Running large language models (LLM) locally on your Mac using OLLAMA

Image generated using Gemini AI. Will be replaced soon.

Estimated reading time: 8 minutes

This is an introduction to Large Language Models (LLMs) and an instruction to running them locally on a Mac using OLLAMA.

It was originally designed as a walk-through Lunch & Learn event at Liberty Mutual with my coworkers. I have organized my thoughts and the steps involved in the process as this tutorial. Some steps may be missing, I’ll add them to be more comprehensive.
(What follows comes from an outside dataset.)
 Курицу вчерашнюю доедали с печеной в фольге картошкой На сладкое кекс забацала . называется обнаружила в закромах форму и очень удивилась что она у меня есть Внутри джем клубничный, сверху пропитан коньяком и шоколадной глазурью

What are LLMs and how do they work?

LLMs are a type of deep neural networks, a machine learning technique. They are capable of ‘understanding’ (not really!) and generating text, translating languages, and answering your questions. They are trained on massive datasets of text and code, allowing them to recognize patterns and generate similar outputs.

Here’s a simplified breakdown of their operation:

Training: LLMs are trained on massive datasets of text and code. This involves feeding the model with examples and adjusting its internal parameters to improve its ability to recognize patterns and generate similar outputs. Understanding: When provided with a prompt or question, the LLM analyzes it based on the patterns learned during training. Generation: Based on the analysis, the LLM generates a response that is relevant to the prompt or question. This response can be text, code, or even a creative format like poems or scripts.

Why Run LLMs Locally?

There are several advantages to running LLMs locally:

Cost: Running LLMs locally can be cheaper than cloud-based services, especially for frequent use cases. Data privacy: By running the LLM locally, you maintain control over your data and avoid potential privacy concerns with cloud. Latency: Local execution can be significantly faster than cloud services, especially if you have a powerful machine. Offline usage: Local LLMs can be used even without an internet connection.
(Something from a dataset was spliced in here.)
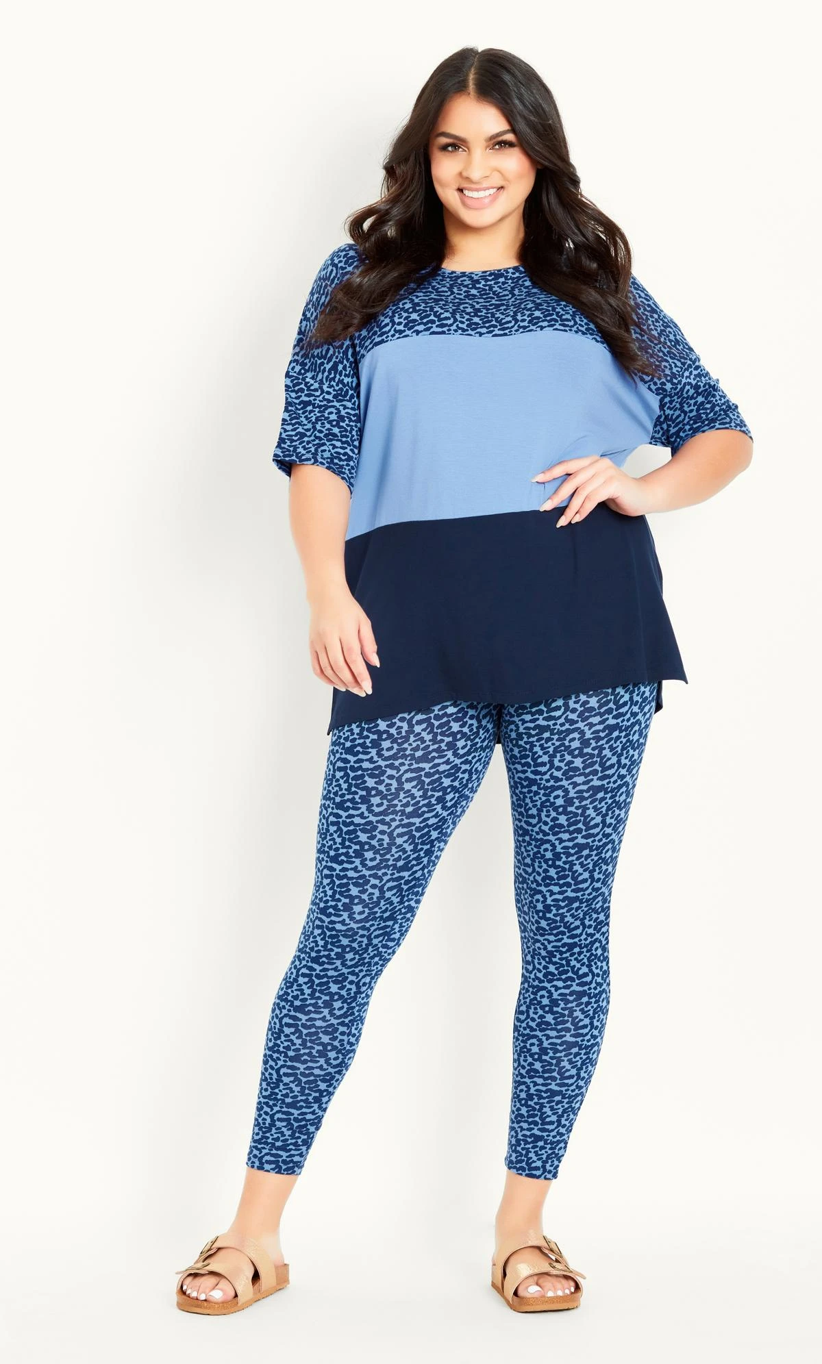 Create the perfect comfort look in leggings and slides.

However, there are some potential limitations:

Hardware requirements: Running larger LLMs locally requires powerful hardware, particularly a hefty GPU, which can be expensive. Limited scalability: Local LLMs typically have lower processing power and memory compared to cloud-based options. This limits their ability to handlelarge tasks. However, that is changing, as even ‘small’ models are competing with the capacities of the best models.
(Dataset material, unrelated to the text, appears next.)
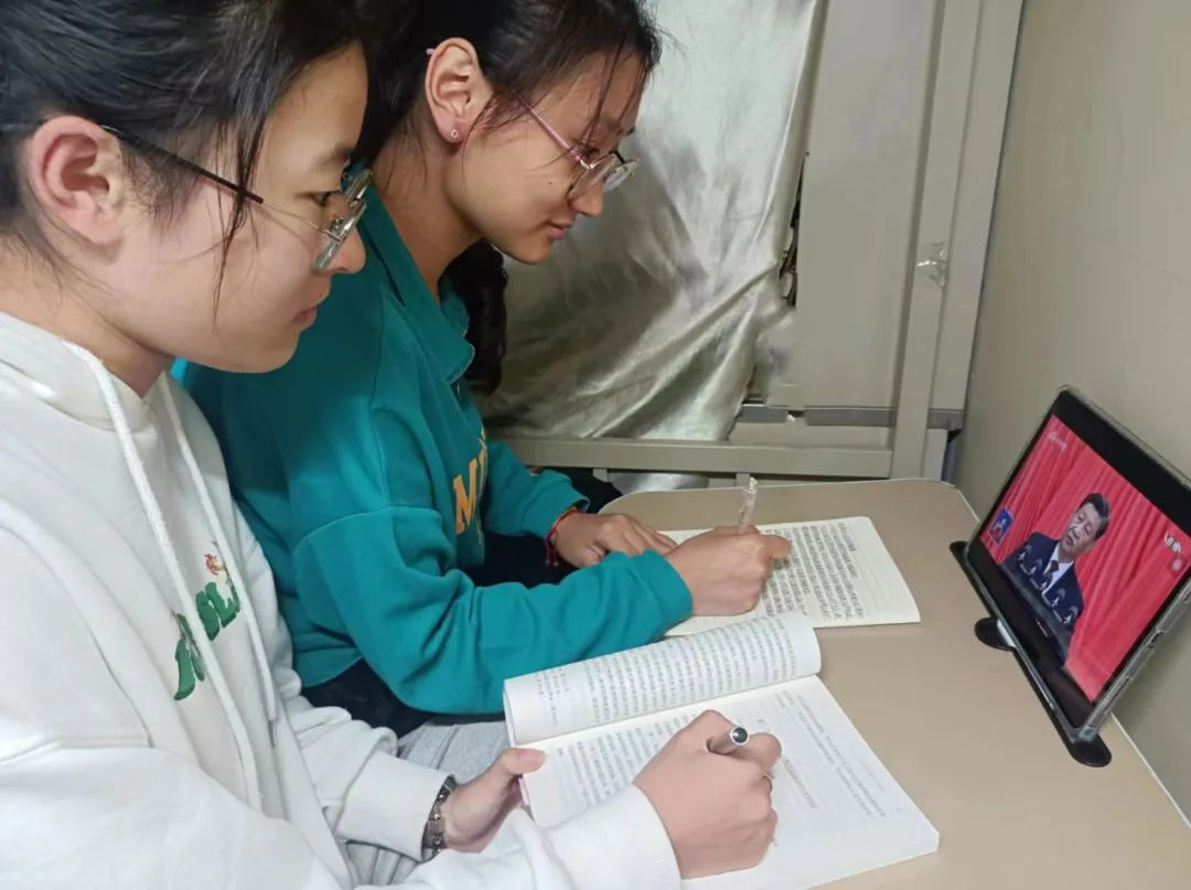 广大师生纷纷表示,要以习近平新时代中国特色社会主义思想为行动指南,深入学习宣传贯彻党的二十大精神,增强“四个意识”、坚定“四个自信”、做到“两个维护”,踔厉奋发、勇毅前行、团结奋斗,为实现中华民族伟大复兴的中国梦不懈奋斗!

Setting Up Your Mac for Local LLMs (Disclaimer & Requirements)

Disclaimer: This guide is intended for informational purposes only and should not be taken as professional advice. Please be aware that running local LLMs may require technical knowledge and involve potential risks. Make sure you have the relevant permissions from your employer’s IT department if installing in your work system.

Minimum System Requirements:

Mac M1 Pro or higher with at least 16GB of RAM. Newer M-series models can run LLMs on Macbook Air models.

Local LLM Deployment Options:

There are multiple tools available for running LLMs locally. Two notable options are:

Llama.cpp: This is a C/C++ library designed for efficient LLM inference on different hardware platforms, including locally and in the cloud. It prioritizes minimal setup and state-of-the-art performance. Ollama: This is a user-friendly tool built on top of Llama.cpp, offering a streamlined interface for running open-source LLMs locally. It simplifies setup and management through features like:

Bundled model weights, configurations, and datasets.
Support for multiple LLMs like Llama-2 and uncensored Llama.
Modelfile management for system prompts and other parameters.

Running Prompts with Ollama: Here’s a detailed tutorial on running prompts with Ollama:

Installation:

Download the Ollama application from the official website: https://ollama.com/
Double-click the downloaded file and follow the on-screen instructions to install Ollama.

Running a Model:

Open the Ollama application.
In the terminal window within Ollama, use the command ollama run <model_name>, replacing <model_name> with the desired model (e.g., ollama run llama3). This will download and run the selected model.

Customizing Prompts:

Ollama allows you to customize prompts using Modelfiles. These files define parameters for the model, including system prompts and temperature.
Create a text file named Modelfile in your desired location.
Add the following line to the Modelfile, replacing <model_name> with the desired model:

FROM

Optionally, add additional lines to the Modelfile to customize parameters. Here are some examples:
    Temperature: Controls the creativity vs. coherence of the response. Higher values lead to

more creative but potentially less coherent outputs. You can adjust the temperature using the following syntax:

PARAMETER temperature 1.0

Replace 1.0 with your desired temperature value (typically between 0.0 and 1.0).

Top_k: Controls the number of possible completions considered during generation. Higher values can lead to more diverse but potentially less relevant outputs. You can adjust the top_k value using the following syntax:

PARAMETER top_k 10

Replace 10 with your desired top_k value.

Save the Modelfile.

Interaction:

Once the model is running and you have your Modelfile (if desired), you can interact with the LLM by providing prompts through the terminal window within Ollama.
Type your prompt and press Enter. The LLM will analyze the prompt and generate a response based on its training data and the settings in your Modelfile (if applicable).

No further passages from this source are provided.